I am self-studying the theory of minimal surfaces from Colding-Minicozzi's "A Course in Minimal Surfaces". In section $8$ of the first Chapter (to be more precise page 40) they derive the second variation formula for the volume functional. I have a question regarding that. The situation is as follows :
$\Sigma^k\subset M^n$ is a minimal submanifold and $F$ is a variation of $\Sigma$ with compact support. $F$ is assumed to be a normal variation, i.e., $F_{t}^T=0$. Now they derive the second variation and they get the formula
$$\frac{d^2}{dt^2}\bigg|_{t=0}(\text{Vol}(F(\Sigma,t)))=-\int_{\Sigma}\langle F_t, LF_t\rangle$$
where $L$ is the $stability \ operator$ defined as follows
$$LX=\Delta^{N}_\Sigma X+\tilde{A}(X)+\text{Tr}[Rm_M(\cdot,X)\cdot].$$
where $X$ is normal vector field to $\Sigma$, Rm$_M$ is the Riemann Curvature tensor of $M$ and $\tilde{A}$ is the Simons' operator.

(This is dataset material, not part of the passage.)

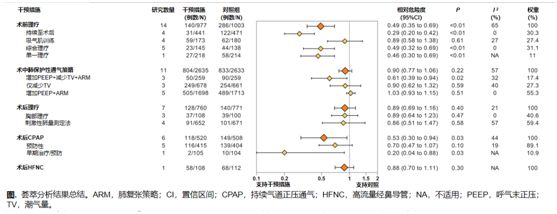 ARDS=急性呼吸窘迫综合征;ARM=肺复张策略;ASA=美国麻醉医师协会;CI=置信区间;CPAP=持续气道正压通气;EMBASE=医学文摘数据库;FIO2=吸入氧浓度;HFNC=高流量经鼻导管;MEDLINE=联机医学文献分析和检索系统;NA=不适用;PEEP=呼气末正压;PPCs=术后肺部并发症;RCT=随机对照研究;RR=相对危险度;TV=潮气量;ZEEP=呼气末零压通气

Now they say that $L$ is a self-adjoint and hence $LX$ should be a normal vector field to $\Sigma$. Clearly the first term in the definition of $L$ is normal to $\Sigma$, $\tilde{A}$ by definition is normal to $\Sigma$ as well.
My question is that why is the term $\text{Tr}[Rm_M(\cdot,X)\cdot]$ normal to $\Sigma$ ?